Dal Blog di "Le Scienze"
I professionisti della disinformazione
Per chi non se ne fosse accorto, e saranno in tanti, oggi “Libero” ritorna sulla tristissima vicenda delle critiche dell’onorevole Gabriella Carlucci alla nomina di Luciano Maiani alla presidenza del CNR. Ci ritorna non per scusarsi di aver pubblicato notizie patentemente smentite dai fatti e dai diretti interessati ovvero David Cline e Sheldon Glashow (chi non ha seguito la vicenda da vicino trova tutto in questi post: Il Paese dei Governi caduti, Nell’interesse del paese, La soubrette e lo scienziato, La versione di Cline), ma per avallare una volta di più le parole dell’onorevole. In aggiunta pubblica una lettera di Enzo Boschi, presidente dell’Istituto nazionale di geofisica e vulcanologia, che ribadisce gli attacchi a Maiani con le stesse modalità e gli stessi contenuti già ampiamente smentiti. Poi, in verità, viene fuori l’unica obiezione con un contenuto: Maiani, sostiene Carlucci, “è troppo vicino a Mussi”. E non si tratta dell’iniziale sull’elenco del telefono, ma di una presunta vicinanza politica.

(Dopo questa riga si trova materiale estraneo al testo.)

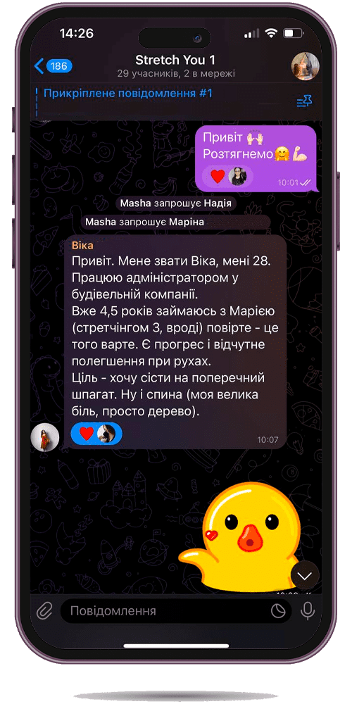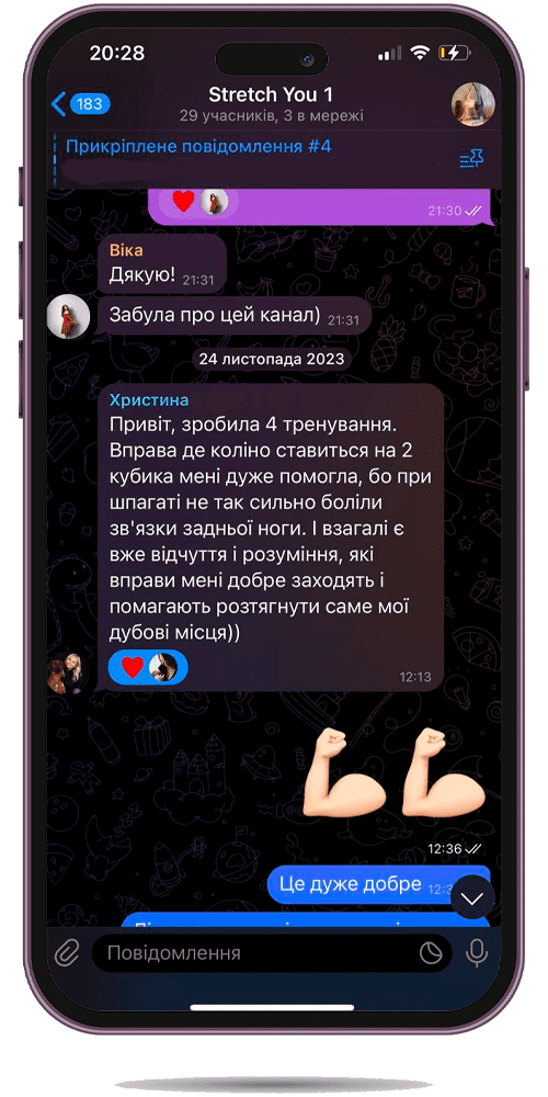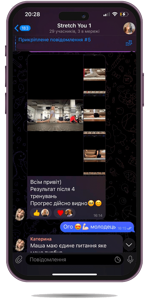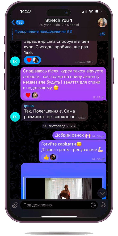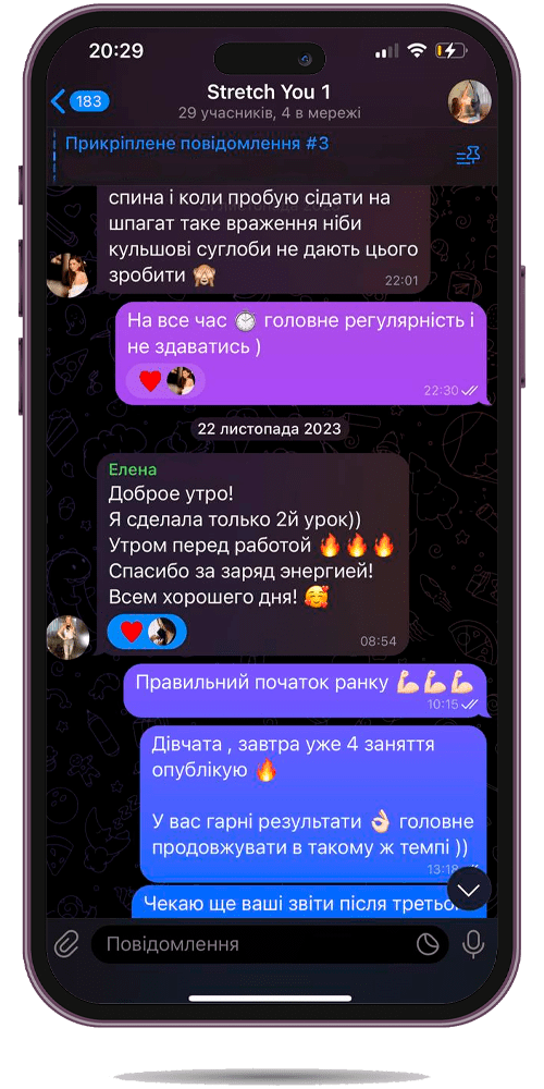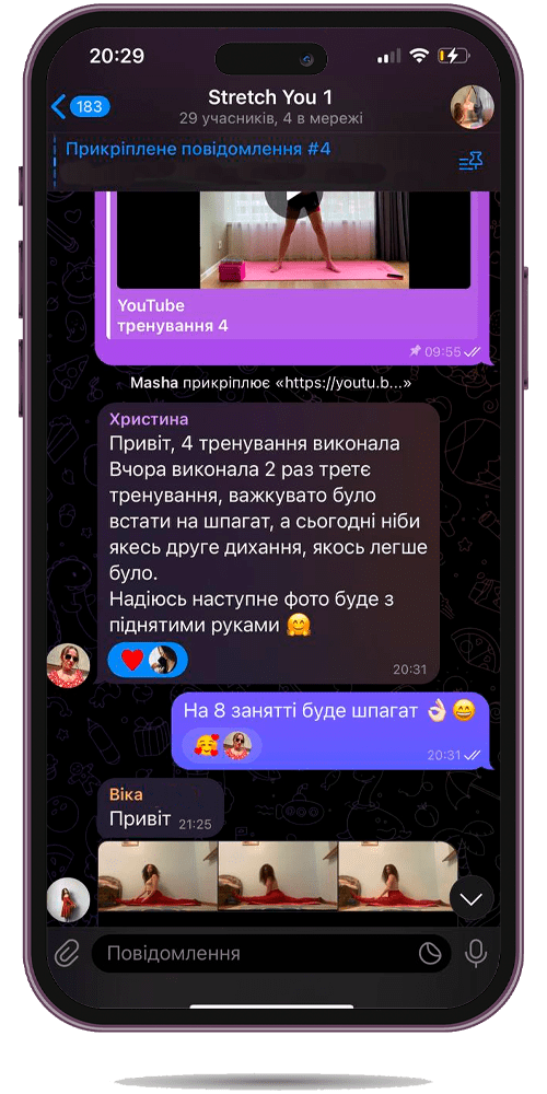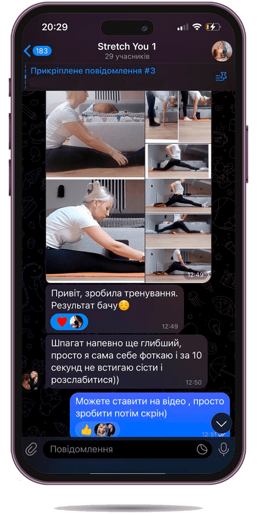 При придбанні курсу, надається доступ до закритого телеграм каналу із корисними порадами щодо стретчингу та домашніх тренувань.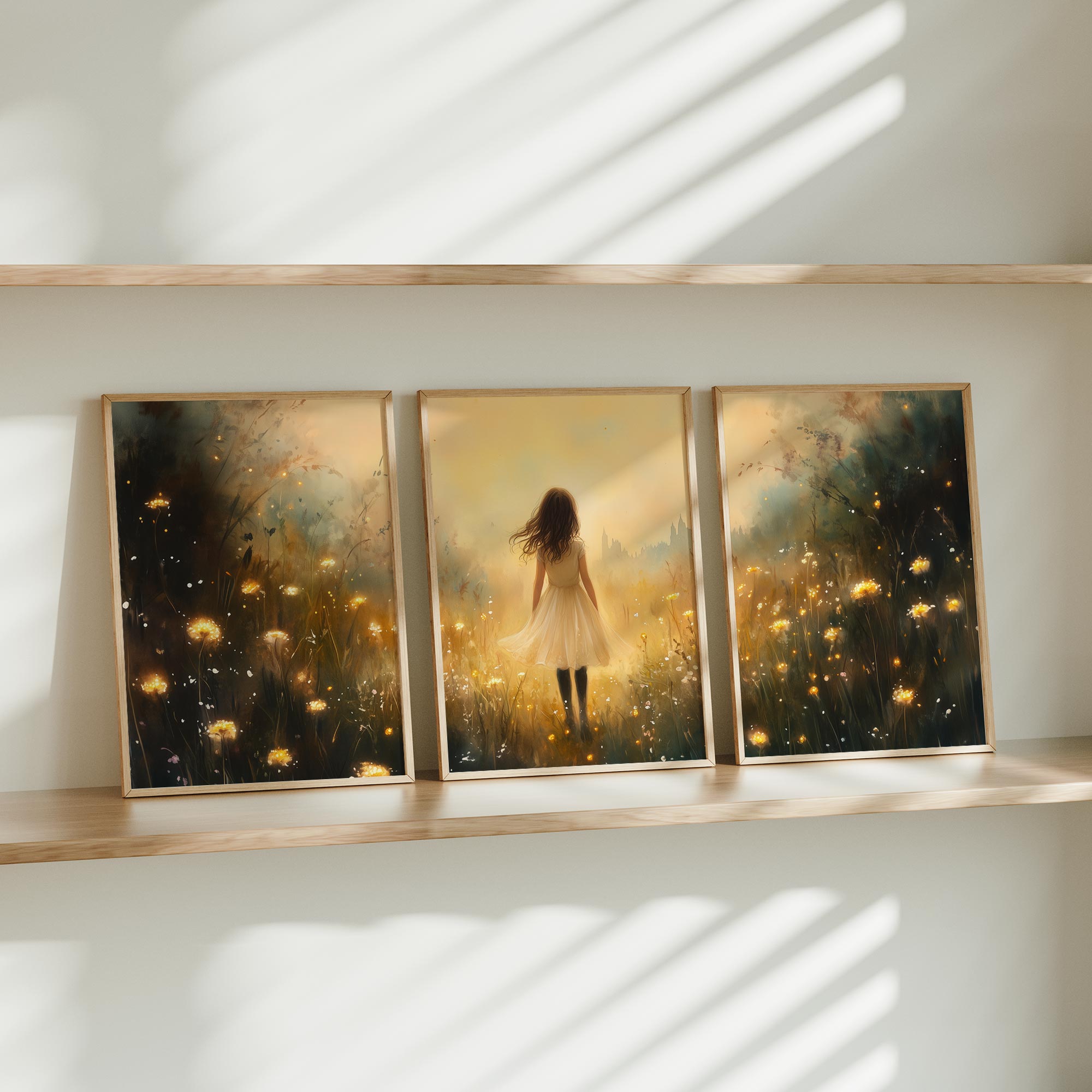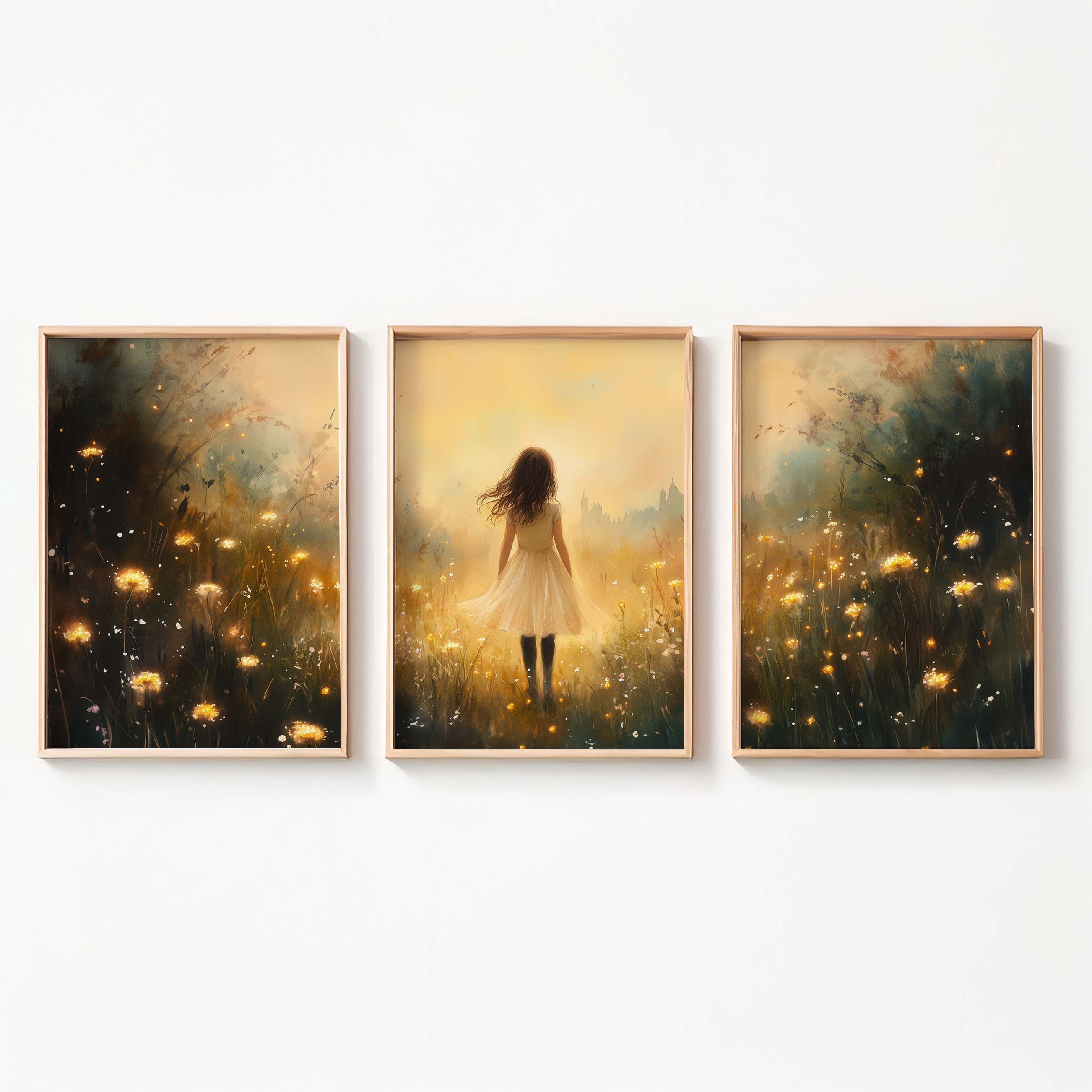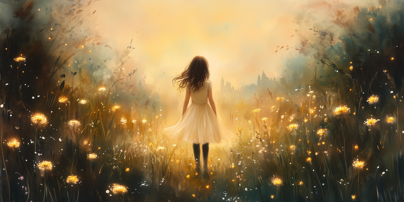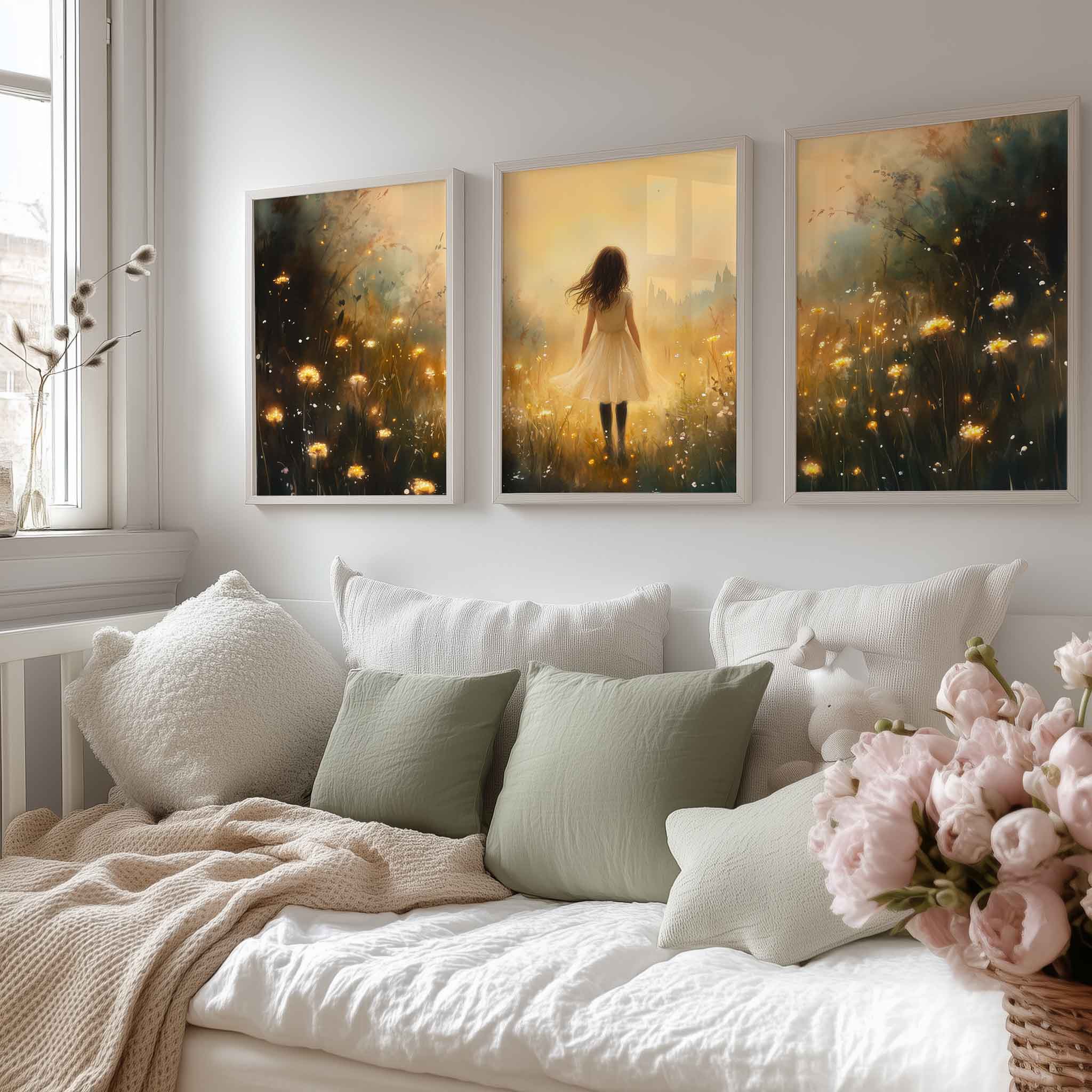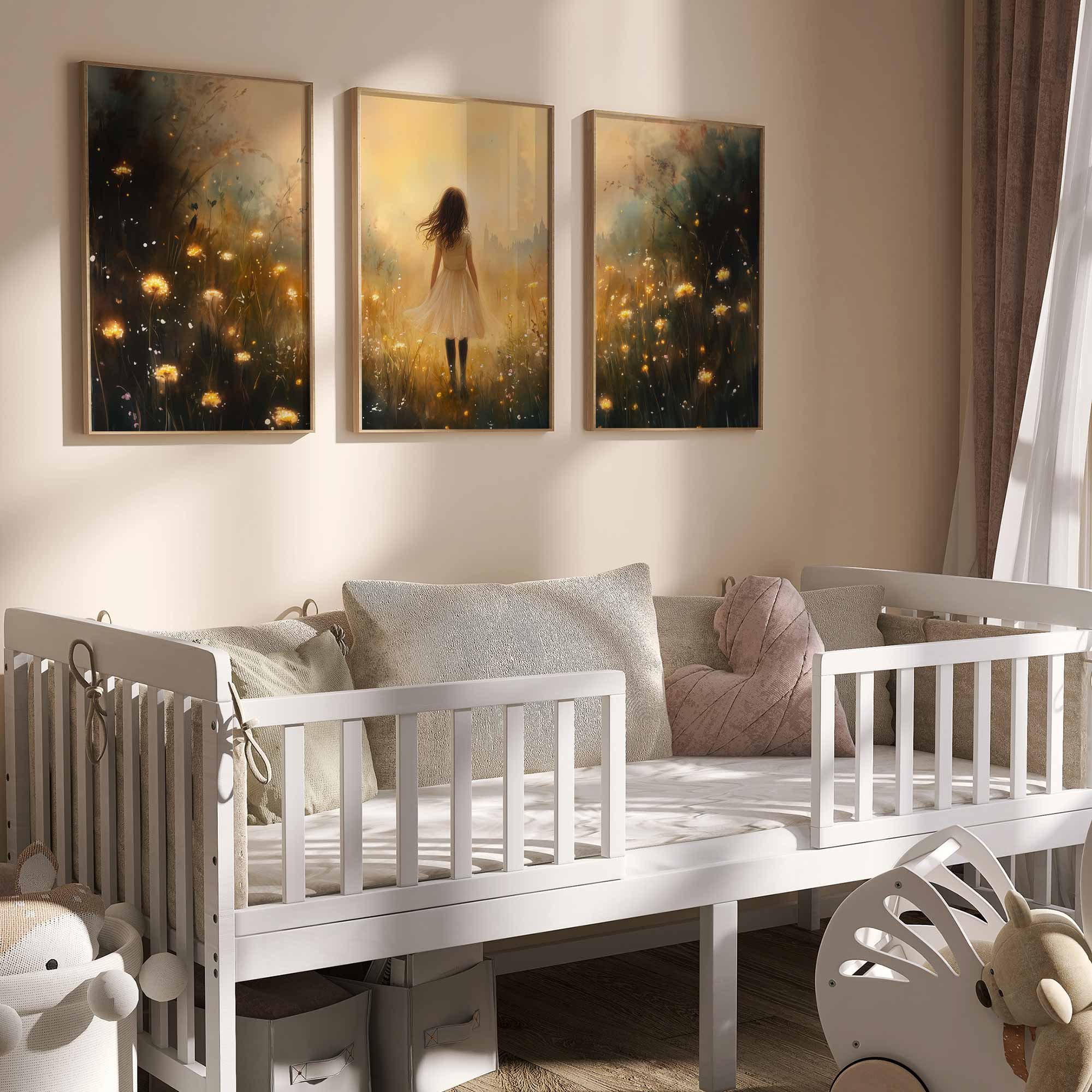 Zonnig Meisje in Bloemenveld – Vrolijke Muurdecoratie

Non c’è più molto da dire su quello che non è il “caso Maiani”, se non correggere qualche altra affermazione bizzarra.
Si dice, infatti, che per la nomina è stato fatto un bando pubblico. Non ci risulta. La nomina è governativa, e il ministro Mussi (tocca pure difenderlo, dopo due anni di insufficienze in pagella) si è avvalso di un comitato di esperti internazionali di altissimo livello per una consulenza sulla nomina. L’avesse fatto anche chi l’ha preceduto, cioè la signora Moratti, forse avrebbe risparmiato al CNR anni di una presidenza davvero disastrosa. Così Mussi è attaccato per essersi rivolto a degli esperti, un raro caso di serietà in Italia.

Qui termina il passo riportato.